◆ **STORED DATA**:

= Beginning of Section =

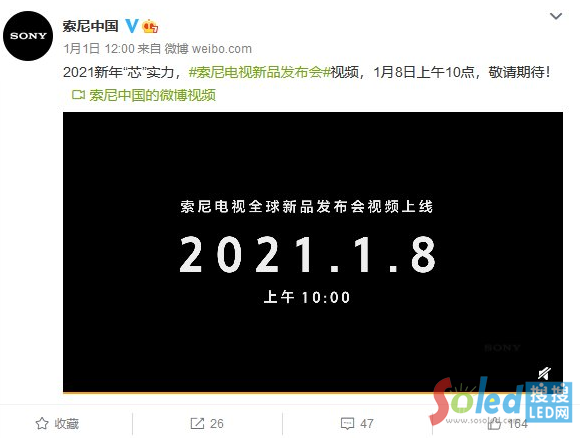 根據(jù)索尼中國(guó)的消息,索尼將于1月8日上午10點(diǎn)舉行索尼電視全球新品發(fā)布會(huì),根據(jù)發(fā)布會(huì)預(yù)熱文案,2021年新款索尼電視或?qū)⒋钶d全新一代電視芯片。
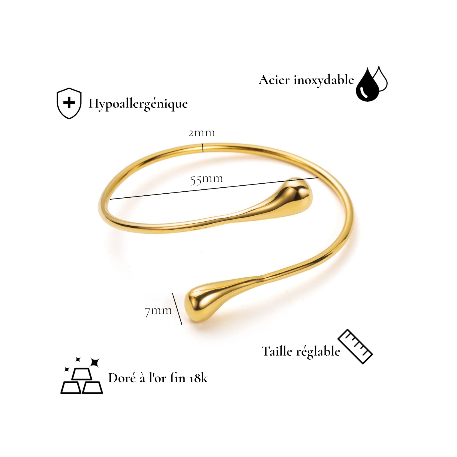 Un bracelet ouvert sans fermoir, facile à enfiler et agréable à porter toute la journée.
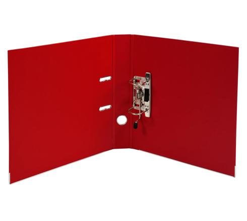Een ordner met metalen grijpring, sleuven en randbescherming. Binnen -en buitenzijde met PP overtrokken.
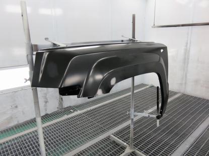新品のフロントフェンダーに2液型のカラーサフェーサーを塗装します。 |

= End of Section =

◆ **TASK TO COMPLETE**:
Pictures are to be left out; repeat all the remaining data exactly.

◆ **ANSWER BOX**:
 根據(jù)索尼中國(guó)的消息,索尼將于1月8日上午10點(diǎn)舉行索尼電視全球新品發(fā)布會(huì),根據(jù)發(fā)布會(huì)預(yù)熱文案,2021年新款索尼電視或?qū)⒋钶d全新一代電視芯片。
 Un bracelet ouvert sans fermoir, facile à enfiler et agréable à porter toute la journée.
Een ordner met metalen grijpring, sleuven en randbescherming. Binnen -en buitenzijde met PP overtrokken.
新品のフロントフェンダーに2液型のカラーサフェーサーを塗装します。 |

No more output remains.